A second TC CCAP identified a mass in the pancreas, which was likely the primary adenocarcinoma that spread to other organs and tissues. The woman started chemotherapy, but died one month after the first treatment cycle.
“To our knowledge, the coexistence of primary SS and pancreatic cancer was described only in two recent studies, with a prevalence of pancreatic cancer equal to 0.8%,” the researchers wrote.
As the metastatic pancreatic cancer was found two years after a primary Sjögren’s diagnosis, researchers also highlighted the possibility that the latter may have been a paraneoplastic syndrome, a rare disorder triggered by an abnormal immune system response to a cancer.
Notably, symmetrical inflammatory arthritis in several joints of the hands and wrists is a common rheumatic manifestation of paraneoplastic syndromes.
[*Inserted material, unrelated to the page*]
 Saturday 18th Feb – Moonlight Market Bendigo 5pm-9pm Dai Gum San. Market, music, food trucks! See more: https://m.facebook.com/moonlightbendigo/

Given that only two case reports have explored Sjögren’s as a paraneoplastic syndrome preceding lung and kidney cancers, further research is needed to understand the potential development of Sjögren’s as a paraneoplastic syndrome.
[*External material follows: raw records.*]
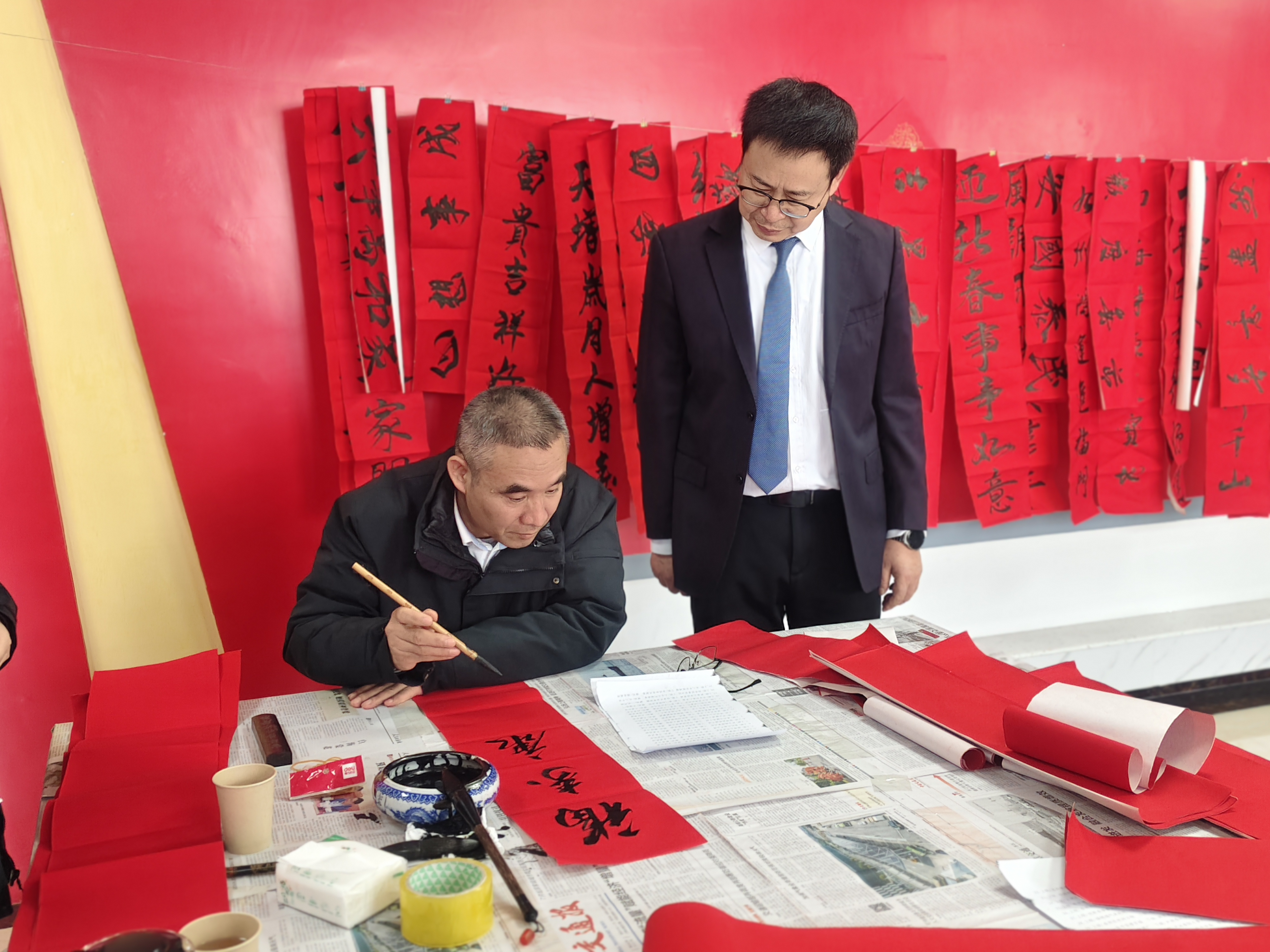 活动现场,来自各部门的书法爱好者们挥毫泼墨,笔走龙蛇,一幅幅寓意吉祥的春联和饱满有力的“福”字跃然纸上。红纸黑字间,不仅承载着对新春的美好祝愿,也传递着企业对职工和乘客的深情关怀。书法爱好者们将一幅幅满含新春愿景的对联送给公司领导班子,并送上了节日祝福;公司领导也向前来参加活动的职工们赠送春联与福字,传递着节日的喜悦与温暖。
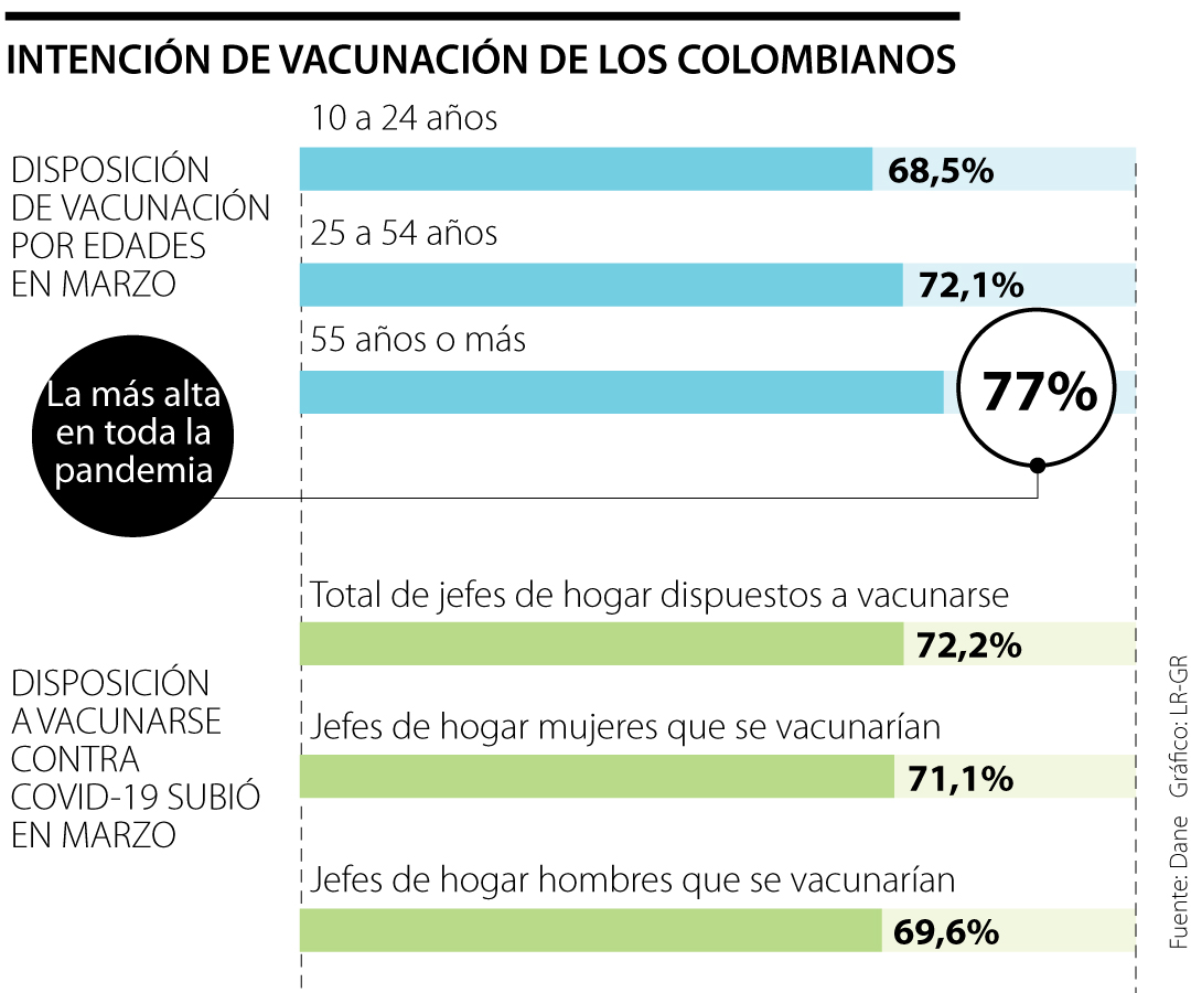 De otro lado, el Dane dio a conocer que la población de 55 años en adelante está más dispuesta a vacunarse que nunca, ya que 77% de los encuestados mostró su interés por acceder a las dos dosis cuando les sea permitido. En febrero este mismo grupo poblacional registró 72% de optimismo frente a las vacunas contra el covid-19.
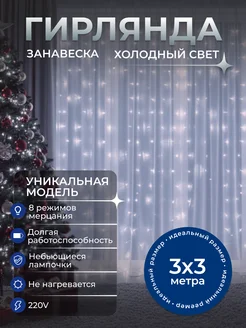 Светодиодная новогодняя гирлянда 3х3 с пультом белый свет
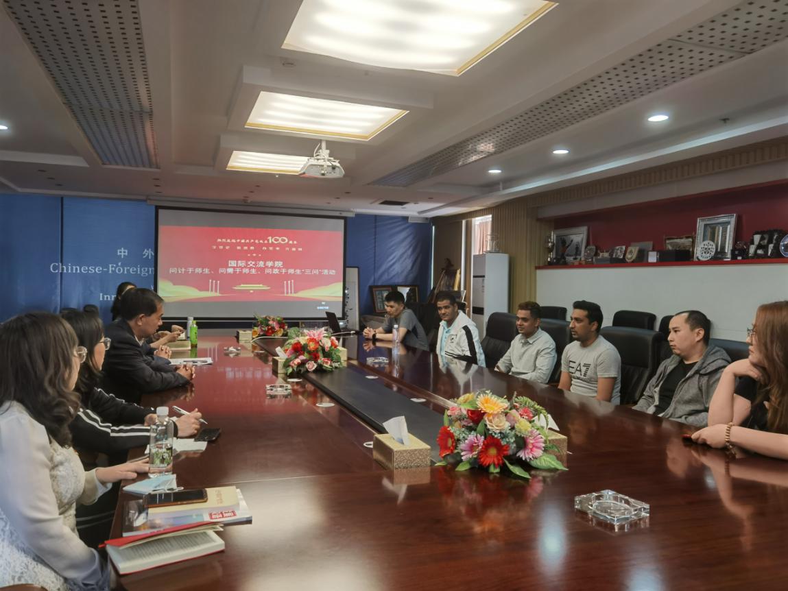 为深入推进党史学习教育,坚持把开展党史学习教育与为师生办实事结合起来,确保学习教育成果见到实效,2021年5月20日下午,beat365官网举办“我为师生办实事”留学生座谈会。本次会议由beat365手机版官网党总支书记屈原主持,教师党员和境内留学生参加会议。

Still, “a rapid onset of an unusual inflammatory polyarthritis in a patient older than 50 years with smoking habits, with partial response to low-dose corticosteroid, and with no specific biologic or radiographic features should lead to screening of an occult [cancer],” the researchers wrote.
“Patients with primary SS should be closely monitored for malignancy, not only for [blood] cancer, but also for solid tumors,” they added.
The scientists also noted that while independent predictors of blood cancer development have been identified in Sjögren’s patients, further research is needed to explore predictive factors of solid tumors in this patient population.
They added, however, that smoking is also a risk factor for pancreatic cancer, which may also have contributed to the tumor in this patient.